The Economics of One
Hey now.
Everyone wants to build the next operating system for your life. Perplexity is doing it. A dozen well-funded startups with sharp landing pages and sharper pitch decks are doing it. The marketing is good. Some of the products will be too.
But I keep coming back to a question that nobody building these things seems to want to answer publicly: what are the actual economics here?
Not revenue projections. Not TAM slides. The real question — what does it cost to build this kind of product in 2026, and does that cost justify the structure these companies have chosen?
The Trapped Gambler
Perplexity has raised over $1.2 billion. They’re valued at north of $20 billion. They’ve committed $750 million to Microsoft Azure over three years. They employ over a thousand people. And in 2024, they spent 164% of their revenue just on AWS, Anthropic, and OpenAI API costs — before a single salary was paid.
They started in August 2022. Back then, building an AI search product required significant engineering teams. GPT-4 didn’t exist yet. Claude was a research project. The economics of hiring dozens of engineers to build and maintain complex AI infrastructure made sense, because there was no alternative.
Then November 2024 happened. And everything flipped.
The current generation of AI tools didn’t just get better — they made the cost structure of traditional software companies optional. A single builder with AI leverage can now produce what used to require a team of forty. The tools that Perplexity uses have made Perplexity’s organizational model obsolete.
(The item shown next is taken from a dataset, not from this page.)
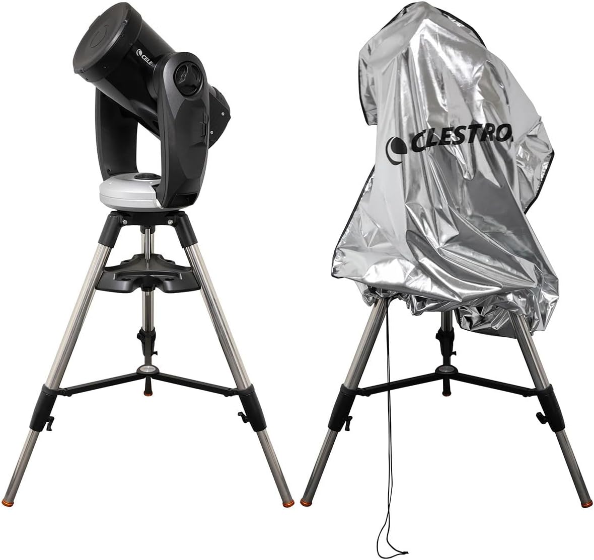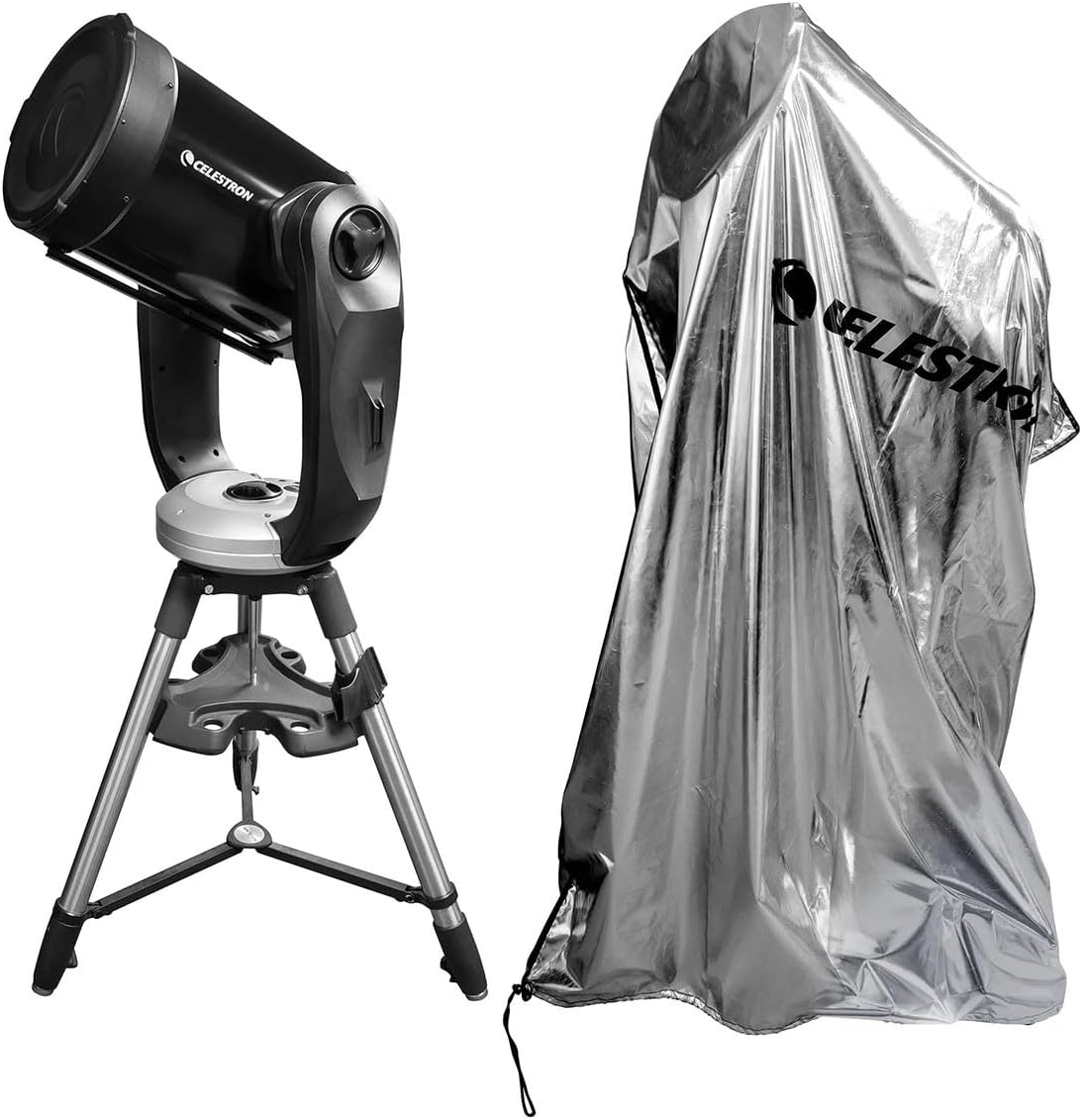 As much as we plan our observing or imaging sessions for perfect weather, the sky doesn't always cooperate. Celestron's Weatherproof Telescope Cover gives you peace of mind when your gear needs to stay set up-but you're not actively using it. Whether you're keeping your rig assembled between nights at a star party or pausing while weather passes through, this lightweight, packable cover offers reliable short-term protection from dew, dust, light rain, and sun exposure.Less ThanbRGreater ThanMade from aluminum-laminated fabric, the silver outer layer reflects sunlight to keep your equipment cool during the day and insulated at night, helping maintain a stable internal temperature. Inside, the soft 210D polyester lining adds a protective barrier for your telescope's finish. A built-in cinch-style drawstring lets you secure the cover in place. Depending on your setup, you can adjust the height of the cover for a customized fit-blocking out wind, dust, and light moisture while keeping everything protected and stable.Less ThanbRGreater ThanThe Weatherproof Telescope Cover is designed with portability in mind. Weighing just 1.34 lb., it's light enough to take anywhere without adding bulk to your gear. When not in use, the cover folds down to a compact size, making it easy to store in a gear bag, vehicle, or observatory drawer. After time in the field, it's easy to wipe clean with a damp cloth or mild soap and water-no special care required.
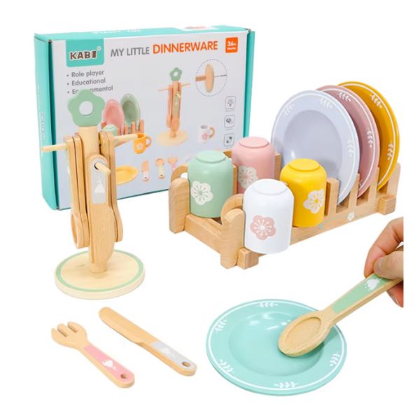 - Favorise la motricité fine : Les pièces en bois sont faciles à saisir pour les petites mains, et manipuler chaque aliment demande précision et coordination.

But they can’t acknowledge that. They can’t shrink to fifty people without destroying the valuation narrative that justifies $1.2 billion in fundraising. They can’t stop the Azure spend without degrading the product. They can’t cut the legal budget with four active lawsuits. They’re sitting at the table, down hundreds of millions, and the odds have changed underneath them — but the cost of standing up and walking away is the admission that the bet was wrong.
At a recent Cerebral Valley AI Summit, 300 AI founders and investors were asked which billion-dollar startup was most likely to fail. Perplexity won that vote. The people closest to this industry can see the math.
I’m not picking on Perplexity specifically. They’re just the most visible example of a pattern: companies that raised and scaled under pre-2025 assumptions, now trapped by the sunk cost of a structure the market no longer demands.
The Base44 Counter-Example
While Perplexity burns through hundreds of millions, consider Base44.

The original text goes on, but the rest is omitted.